Теперь, конечно, комиссар должен вытащить свой револьвер; комиссар подошел ко мне и сказал:

— Разумеется!

Разумеется, он сейчас меня застрелит.

— Само собой разумеется, что вы были в штурмовом отряде, при вашем социальном происхождении и при таком воспитании, — сказал комиссар. Он говорил, я не понимал ничего, я слышал его слова, но не понимал их смысла. Мне показалось, что комиссар сказал еще: «Хорошо, что вы честно отвечаете на вопросы». Но этого не могло быть.

Потом я сразу очутился снаружи у палатки и увидел, как ребята сгружают с грузовиков картошку и хлеб, увидел горы, деревья и небо над ними и подумал, что весь мир, должно быть, спятил, спятил после этой войны, или сам я спятил. И котлы висели над огромными кострами, а один из товарищей толкнул меня в бок и спросил, слышал ли я, что нас собрали здесь, только чтобы зарегистрировать, потому что в Германии сейчас это невозможно сделать. Он знает совершенно точно. Сразу же после регистрации нас всех отпустят, и не пройдет двух недель, как мы будем дома.


Перевод Э. Львовой.

Франц ФюманГЕРМАНИЯ ВПЕРВЫЕ

7 октября 1949 года. Образование Германской Демократической Республики

О создании Германской Демократической Республики я узнал в антифашистской школе в Латвии. И хотя я еще находился в советском плену, я чувствовал себя более свободным, чем когда-либо прежде.
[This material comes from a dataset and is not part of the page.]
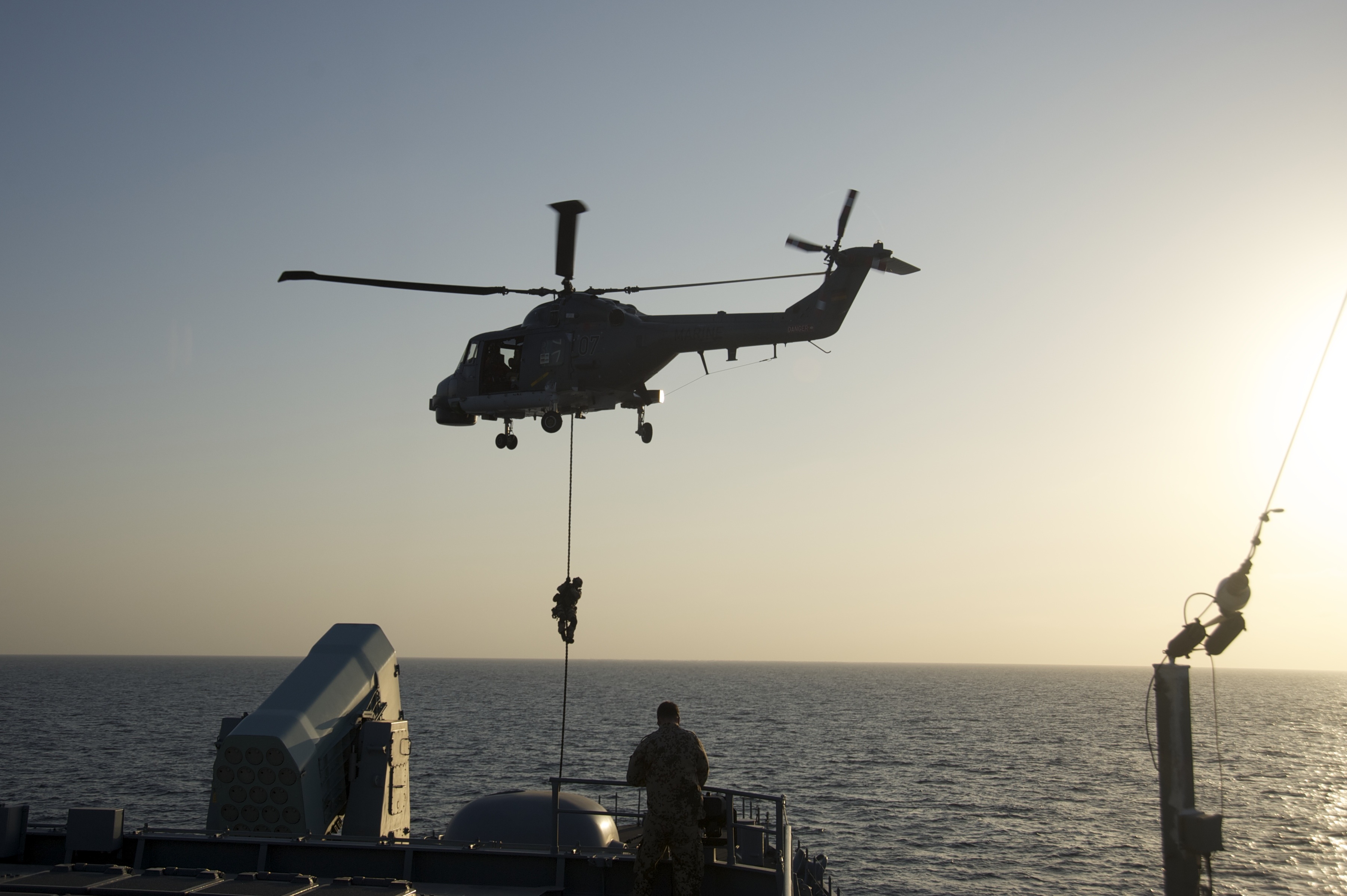 Fast Roping des Seebataillons aus Sea Lynx bei Übung mit Fregatte "Hessen". Bild. Bundeswehr / Jane Schmidt

Прибыл я в школу осенью 1947 года. В бараке лагеря я обычно читал товарищам вслух газету для военнопленных; я и не знал тогда, что в Советской Армии это поручают специально выделенному политическому агитатору. Не удивительно, что, когда политработник нашего лагеря спросил меня, не хочу ли я учиться в антифашистской школе, я в первый момент растерялся, а потом, уже сидя в вагоне, упрекал себя в том, что, сославшись на это, пошел против совести. Полный жажды знаний и одновременно недоверия, слушал я лекции по истории Германии и невольно был захвачен тем, как необычно, по-новому преподносили нам этот предмет. Когда же я прослушал лекции по политической экономии и почитал объемистые тома «Капитала», у меня будто пелена спала с глаз; ведь тут был ответ на все мучившие меня вопросы, и все извивы и сложности моей жизни стали простыми, зримыми, как парта, за которой я сейчас сидел. Наконец-то я прозрел и мог смело заглянуть в самую суть событий.

Занятия в школе продолжались полгода, а затем мне предложили либо вернуться домой, либо остаться работать в школе. Я решил остаться и отсюда, издалека, следил за всем, что происходило в Германии, которая теперь стала мне особенно родной и близкой, и с возмущением наблюдал, как в одной ее части вновь вырастают ядовитые зубы дракона, вбивая клин за клином между немцами и немцами, и как эта часть страны отделяется от другой. Бизония, Тризония, денежная реформа, образование на Западе сепаратного государства — эти новости не давали нам уснуть по ночам; но вот пришла добрая весть: на востоке Германии народ создал свое государство.

Стояло погожее октябрьское утро. Как и всегда в будние дни, мимо голубого дощатого забора лагеря шли на работу в поле латышские крестьяне. Потом мы сидели по своим баракам, сгрудившись вокруг репродукторов, а в полдень поздравить нас с рождением демократического германского государства пришли латышские пионеры. Ясноглазые, белоголовые, с огромными букетами желтых и красных живых цветов, бежали они по дорожкам лагеря. У клуба, перед портретом Вильгельма Пика, они остановились и, легонько подтолкнув друг друга, крикнули: «Вильгельм Пик — урра-а-а-а!» — а потом курносая девчушка снова крикнула: «Вильгельм Пик — урра-а-а-а!» — и ребята подхватили: «Вильгельм Пик — урра-а-а-а!» — размахивая своими желто-красными букетами. На глаза у нас навернулись слезы, никогда еще не испытывали мы такого волнения. Так мы и стояли, оробевшие, растерянные, перед латышскими ребятами, которые кричали «ура» в честь президента германской республики. Время шло, и мы все стояли с влажными глазами, и вдруг дети бросились к нам, обняли нас и протянули нам цветы.

Вечером забрать своих ребятишек пришли крестьяне, один из них вошел в лагерь и протянул нам руку. Впервые латышский крестьянин жал нам руки. Он сказал «до свидания» на ломаном немецком языке, жестко выговаривая слова, затем повернулся, словно решив, что и так сказал слишком много, и удалился. Ребята на прощание кивали нам. В тот день я понял: что бы ни случилось, эта республика — моя республика!